Je vacille et mes mains se crispent sur mon casque, imperceptiblement.
- Tu n'assumes rien... commence-t-elle d'une voix persiflante, mais je vais te dire : tu auras beau essayer de te cacher derrière ton petit doigt, tu auras beau refuser de prononcer son nom, ou d'effacer la moindre trace de son passage dans ta vie – il respire en toi, dans tout ce que tu es, aujourd'hui. Même après toutes ces années.
Le ton définitif avec lequel elle prononce ses mots fait trembler toutes les fondations qui me font tenir depuis 5 ans : j'ai juste envie de bondir pour lui arracher la gorge, qu'elle se taise – je ne veux rien entendre... et surtout pas ça. Mais elle continue, les mots débordent de ses lèvres en flots précipités, comme s'ils avaient été retenus trop longtemps :
- Ton sourire est imprégné de lui, la façon dont tu marches parfois, le froncement de tes sourcils... tu ne t'en rends même pas compte, putain ! Matteo ! Tu dois arrêter de fuir ton passé, pour avancer, putain de merde ! Regarde-toi ! Tu n'as même pas 22 ans... et on dirait ton père !

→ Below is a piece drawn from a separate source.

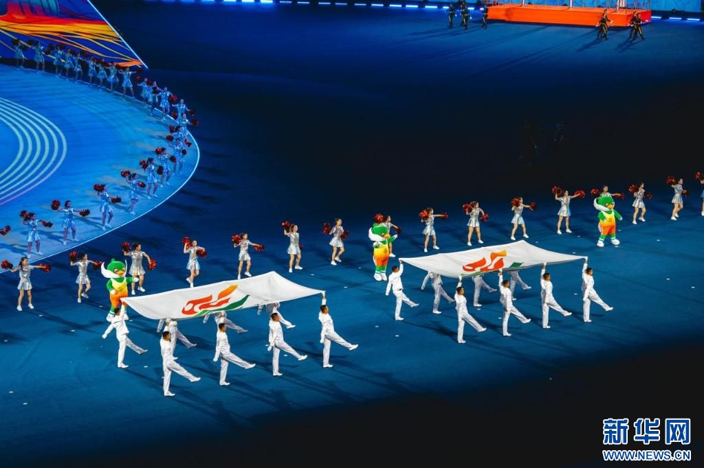 ??山西省運(yùn)動會會旗、第十六屆省運(yùn)會會旗入場。新華網(wǎng) 發(fā)(馬夢迪 攝)

C'est le coup de grâce. Que je le pense moi-même est une chose, qu'on me le dise en est une autre. Je coupe le contact de ma moto et explose :
- Ferme-là, bordel ! Tu ne sais pas de quoi tu parles ! Vous n'en savez rien ! Ce que j'ai vécu, ce que je ressens ! Est-ce que tu peux seulement imaginer que ma mère a eu le choix de me protéger ? Et devine ce qu'elle a fait ? Pourtant, elle savait ce qui allait se passer... elle le savait. J'avais 17 ans, putain ! Et tu n'as pas la moindre idée de tout ce que mon père m'a dit. Tu ne sais pas ce que j'ai éprouvé lorsqu'il m'a dit que je n'étais qu'une sous-race. Une sous-race, bordel ! Et qu'aimer Luca faisait de moi une merde. Tu comprends ça ? Parce que moi, j'y comprends rien... j'ai beau ressasser ses paroles, rejouer encore et encore la conversation qu'on a eue il y a des années, mais j'y comprends rien ! Et je ne sais pas qui je suis. Si je suis seulement digne d'être sur cette Terre, putain de merde ! Alors ferme là ! Tu ne sais rien ! Tu as ta petite vie, ta petite aventure gay et tu crois tout savoir... Tu me fais des leçons de morale... mais tu veux savoir ? Une fois dans ma vie, j'ai fait l'amour. Une fois. Je sais exactement ce que ça signifie. Mais je sais surtout combien ça détruit de...
- Salut...
Les mots s'étranglent dans ma gorge. Valentina et moi tournons la tête dans un mouvement parfaitement synchronisé en direction de celui qui vient de m'interrompre... même si je n'ai pas besoin de mes yeux pour savoir que c'est lui.